══ Raw data ══

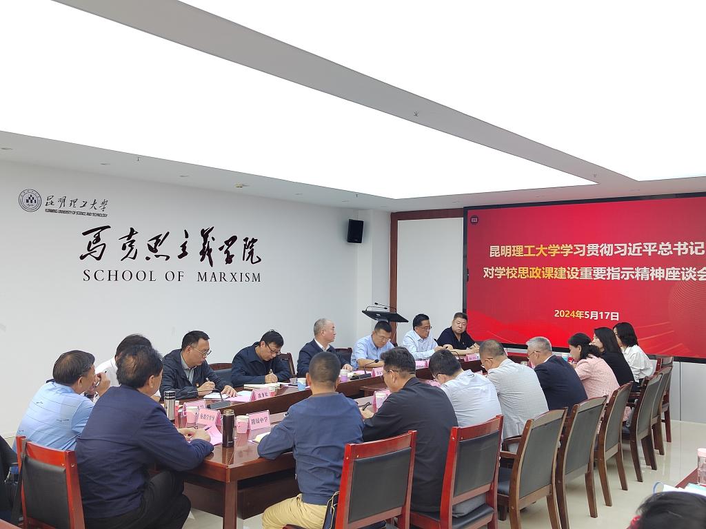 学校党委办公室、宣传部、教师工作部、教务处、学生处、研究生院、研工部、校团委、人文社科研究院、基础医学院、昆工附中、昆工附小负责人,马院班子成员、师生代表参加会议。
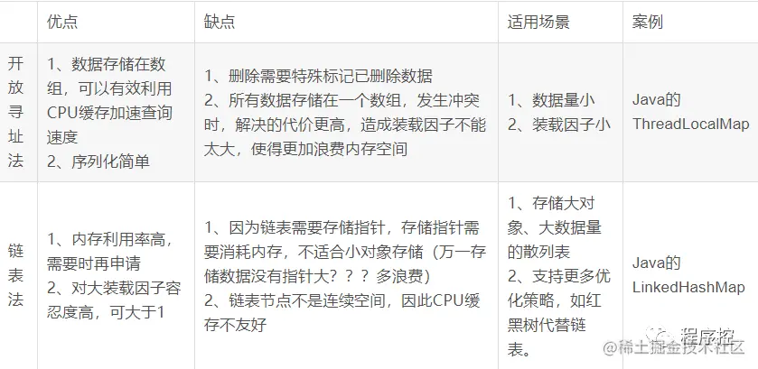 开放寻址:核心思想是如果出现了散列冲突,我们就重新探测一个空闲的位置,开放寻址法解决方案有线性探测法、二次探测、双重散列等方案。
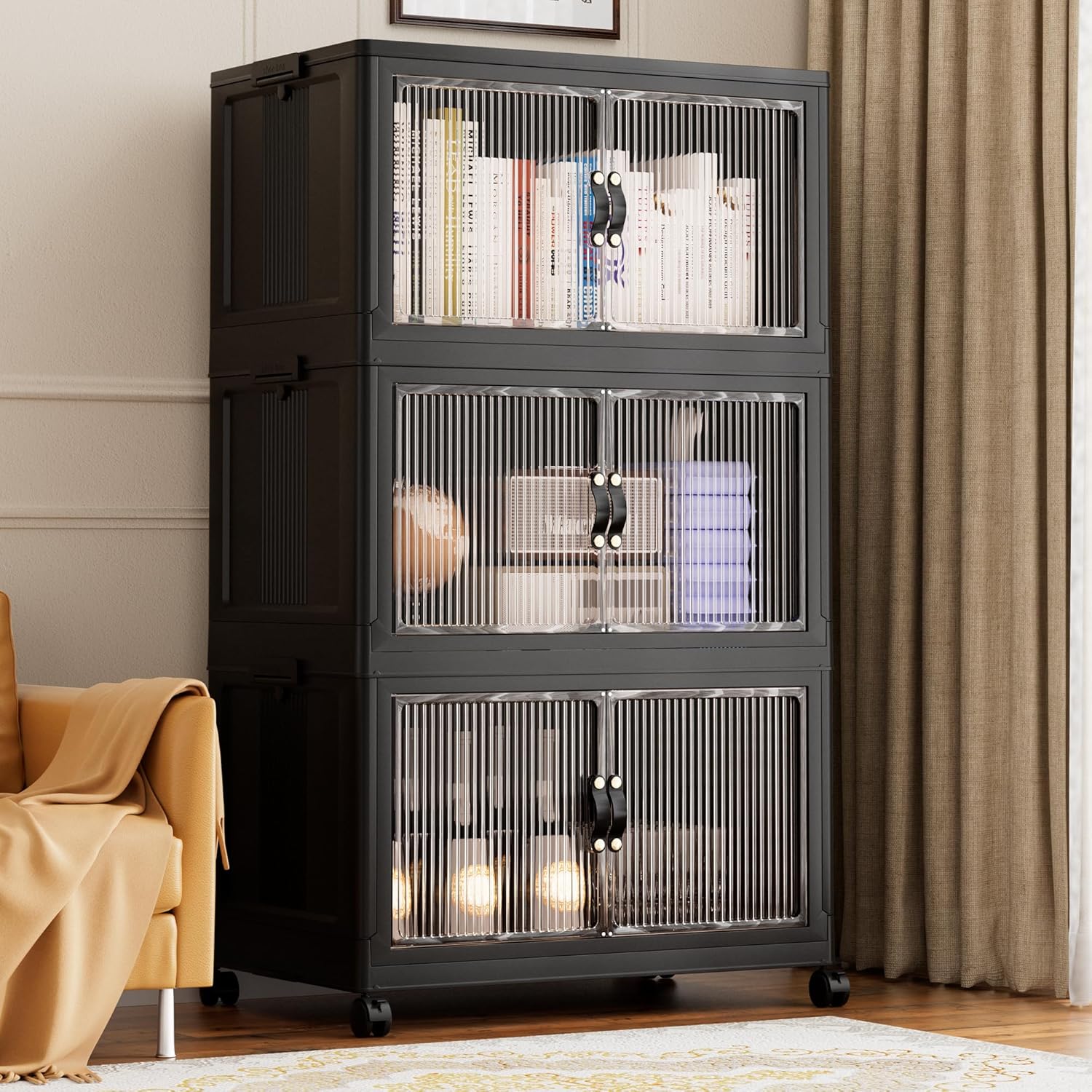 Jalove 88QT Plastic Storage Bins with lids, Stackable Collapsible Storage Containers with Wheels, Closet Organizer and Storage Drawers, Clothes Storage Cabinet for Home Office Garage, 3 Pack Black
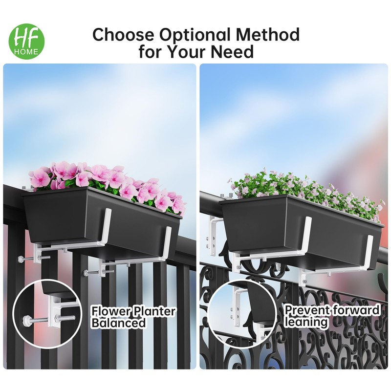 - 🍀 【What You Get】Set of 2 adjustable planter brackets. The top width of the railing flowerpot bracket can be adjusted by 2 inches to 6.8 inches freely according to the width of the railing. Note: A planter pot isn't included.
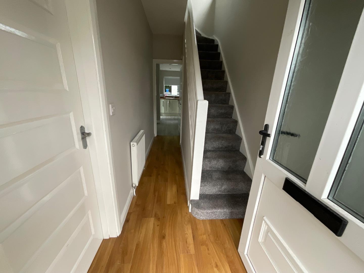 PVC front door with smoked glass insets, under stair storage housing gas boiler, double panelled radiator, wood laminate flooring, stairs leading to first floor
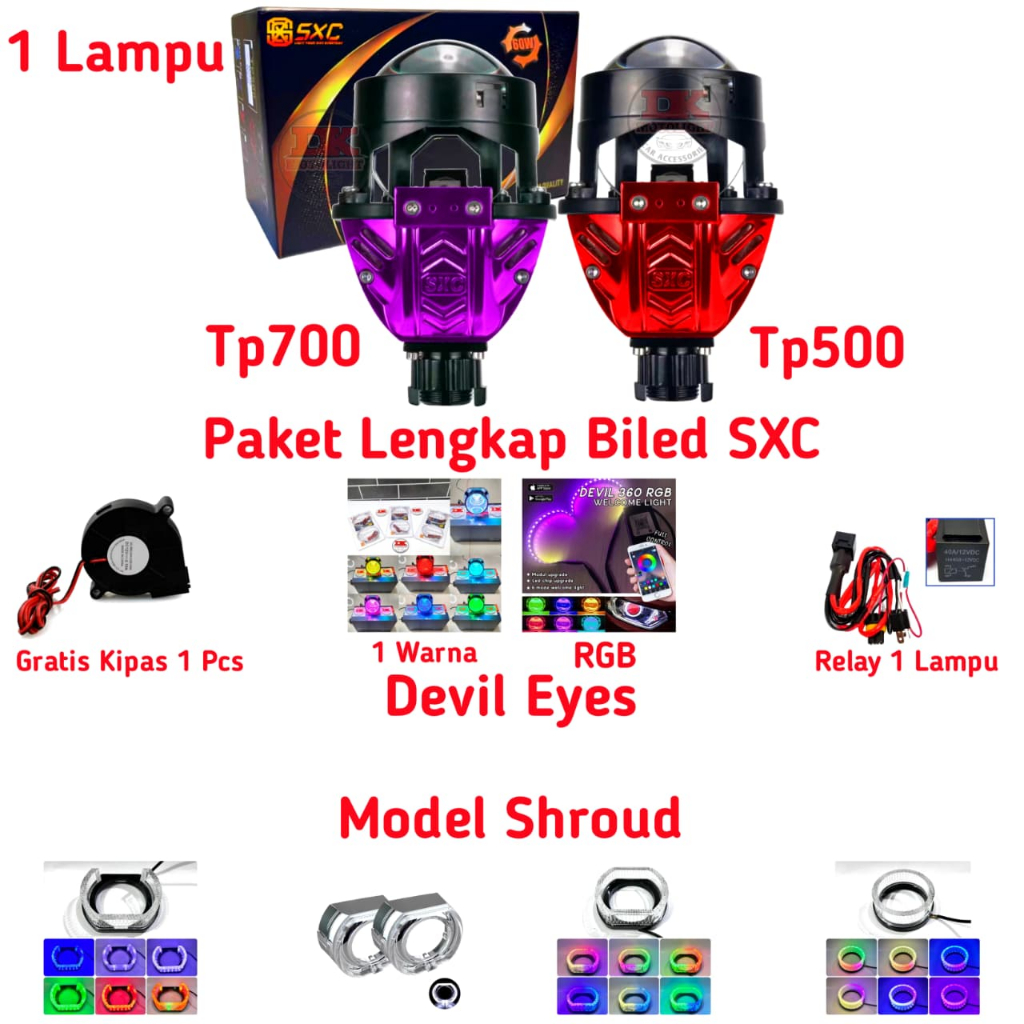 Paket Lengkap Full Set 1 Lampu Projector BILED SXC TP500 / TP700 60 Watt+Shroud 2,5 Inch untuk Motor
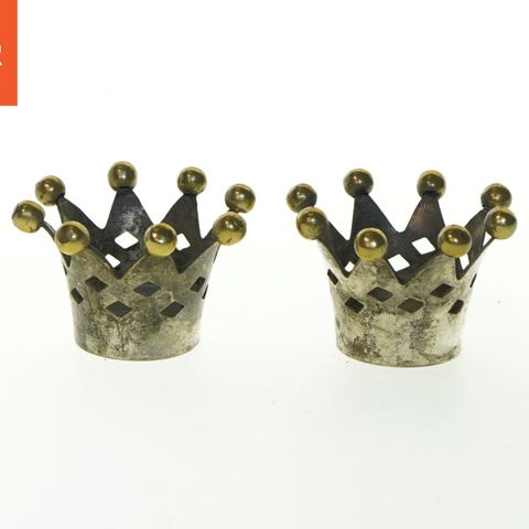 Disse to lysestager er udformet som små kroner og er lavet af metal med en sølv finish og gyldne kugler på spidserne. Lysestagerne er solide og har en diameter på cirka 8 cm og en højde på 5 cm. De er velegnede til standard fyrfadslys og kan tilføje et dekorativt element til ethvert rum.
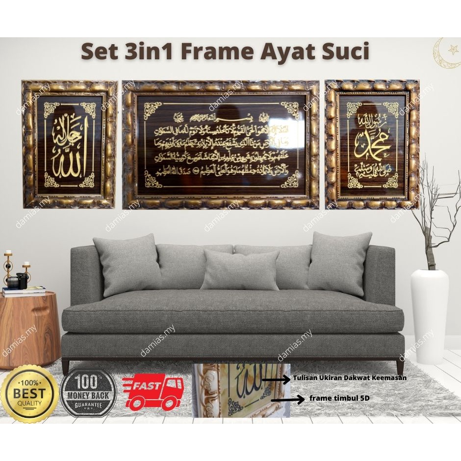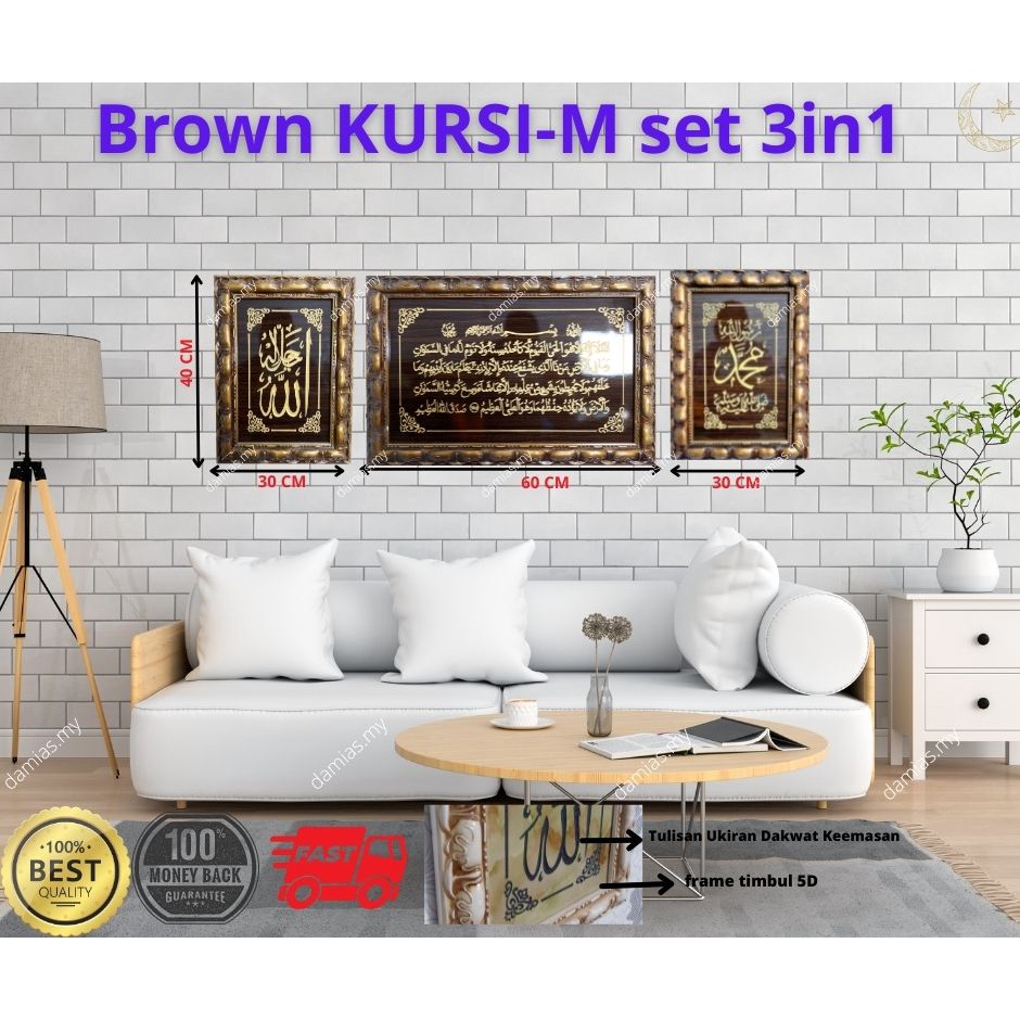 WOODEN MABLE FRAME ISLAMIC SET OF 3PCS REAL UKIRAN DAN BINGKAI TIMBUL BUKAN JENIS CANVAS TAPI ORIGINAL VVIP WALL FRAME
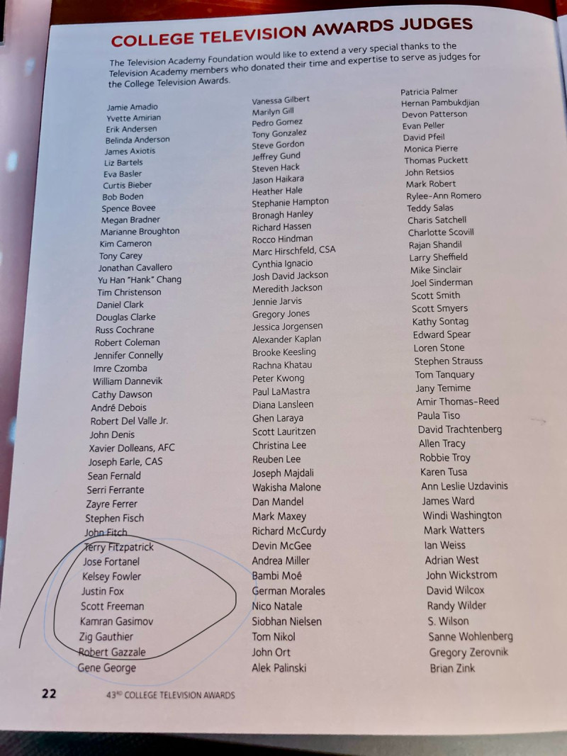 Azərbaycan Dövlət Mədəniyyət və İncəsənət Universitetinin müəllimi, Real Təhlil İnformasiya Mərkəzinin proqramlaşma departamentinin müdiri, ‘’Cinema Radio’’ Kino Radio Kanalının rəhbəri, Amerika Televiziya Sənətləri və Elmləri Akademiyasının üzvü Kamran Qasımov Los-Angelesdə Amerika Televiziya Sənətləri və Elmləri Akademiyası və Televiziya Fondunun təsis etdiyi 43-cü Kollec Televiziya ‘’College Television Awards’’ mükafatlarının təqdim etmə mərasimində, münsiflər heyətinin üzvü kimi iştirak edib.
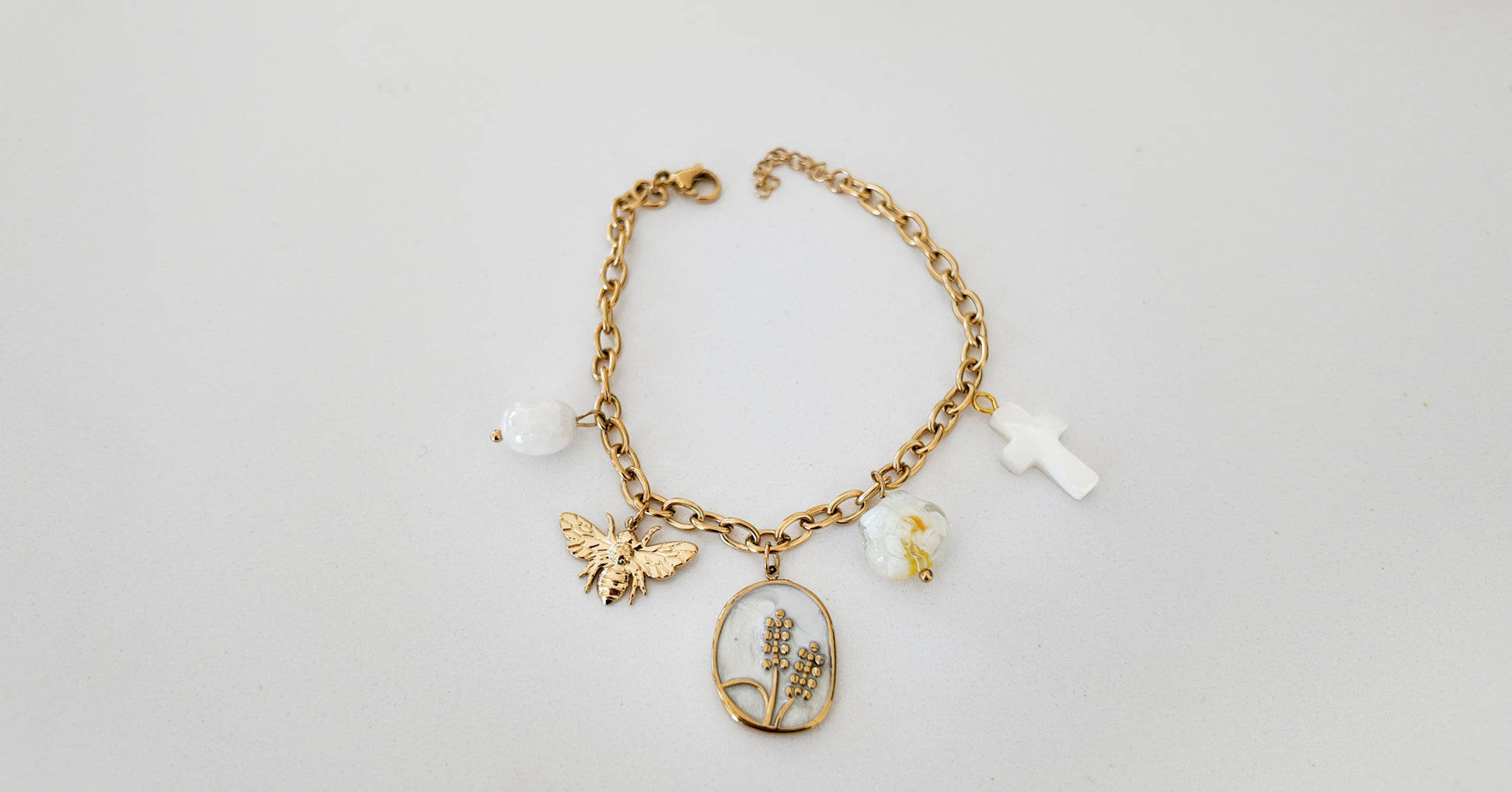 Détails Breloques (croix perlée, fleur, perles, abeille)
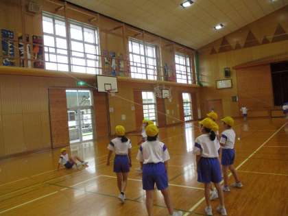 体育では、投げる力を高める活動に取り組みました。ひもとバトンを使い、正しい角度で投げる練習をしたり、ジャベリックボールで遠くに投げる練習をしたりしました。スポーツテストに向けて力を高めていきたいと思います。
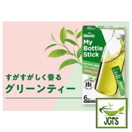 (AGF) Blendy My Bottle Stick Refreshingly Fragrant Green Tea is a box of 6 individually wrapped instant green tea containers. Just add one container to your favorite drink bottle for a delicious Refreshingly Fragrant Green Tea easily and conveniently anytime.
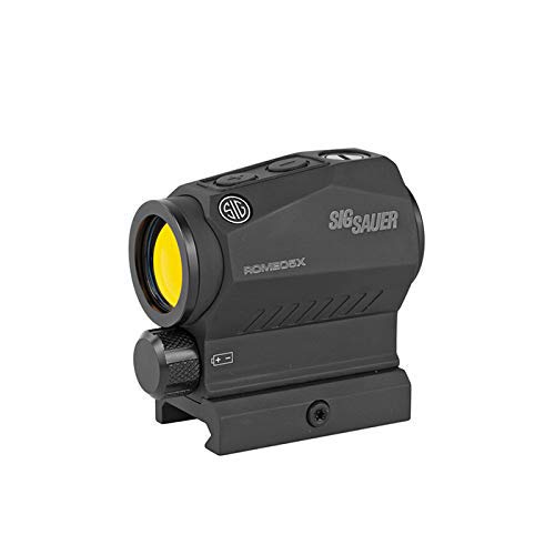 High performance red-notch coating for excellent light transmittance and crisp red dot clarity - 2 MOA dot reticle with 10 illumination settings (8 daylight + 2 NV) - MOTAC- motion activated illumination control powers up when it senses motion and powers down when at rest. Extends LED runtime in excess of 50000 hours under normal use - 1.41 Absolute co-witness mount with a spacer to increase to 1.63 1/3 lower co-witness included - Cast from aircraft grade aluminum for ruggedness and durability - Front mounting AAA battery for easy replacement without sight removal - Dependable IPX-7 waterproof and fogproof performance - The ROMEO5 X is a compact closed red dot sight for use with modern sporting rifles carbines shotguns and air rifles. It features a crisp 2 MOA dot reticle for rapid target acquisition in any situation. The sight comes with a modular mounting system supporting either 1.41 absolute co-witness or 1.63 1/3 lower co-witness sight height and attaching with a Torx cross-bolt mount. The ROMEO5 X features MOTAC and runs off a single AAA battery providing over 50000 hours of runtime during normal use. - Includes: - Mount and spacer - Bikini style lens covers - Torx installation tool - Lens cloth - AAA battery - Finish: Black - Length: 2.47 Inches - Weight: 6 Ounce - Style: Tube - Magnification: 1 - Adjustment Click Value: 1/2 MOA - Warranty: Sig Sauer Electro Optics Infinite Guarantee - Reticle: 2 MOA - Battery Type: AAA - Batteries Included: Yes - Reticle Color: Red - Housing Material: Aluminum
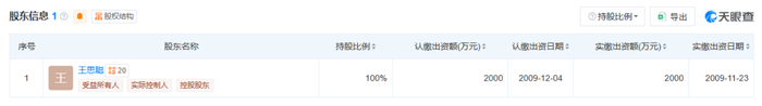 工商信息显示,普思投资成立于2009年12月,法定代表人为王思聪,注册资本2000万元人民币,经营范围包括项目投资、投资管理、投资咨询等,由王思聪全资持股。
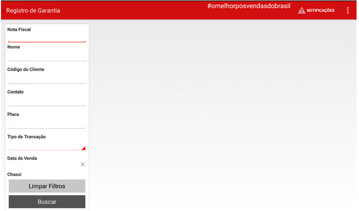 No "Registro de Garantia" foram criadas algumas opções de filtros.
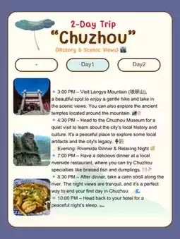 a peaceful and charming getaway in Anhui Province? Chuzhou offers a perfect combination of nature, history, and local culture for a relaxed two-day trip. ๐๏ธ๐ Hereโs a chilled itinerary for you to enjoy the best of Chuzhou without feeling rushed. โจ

═══

» **Exercise aim**:
All lines from the one with "工商信息显示,普思投资成立于" through the end of the records above must be reproduced exactly, both ends included, and the pictures must be left out.

» **Task solution**:
 工商信息显示,普思投资成立于2009年12月,法定代表人为王思聪,注册资本2000万元人民币,经营范围包括项目投资、投资管理、投资咨询等,由王思聪全资持股。
 No "Registro de Garantia" foram criadas algumas opções de filtros.
 a peaceful and charming getaway in Anhui Province? Chuzhou offers a perfect combination of nature, history, and local culture for a relaxed two-day trip. ๐๏ธ๐ Hereโs a chilled itinerary for you to enjoy the best of Chuzhou without feeling rushed. โจ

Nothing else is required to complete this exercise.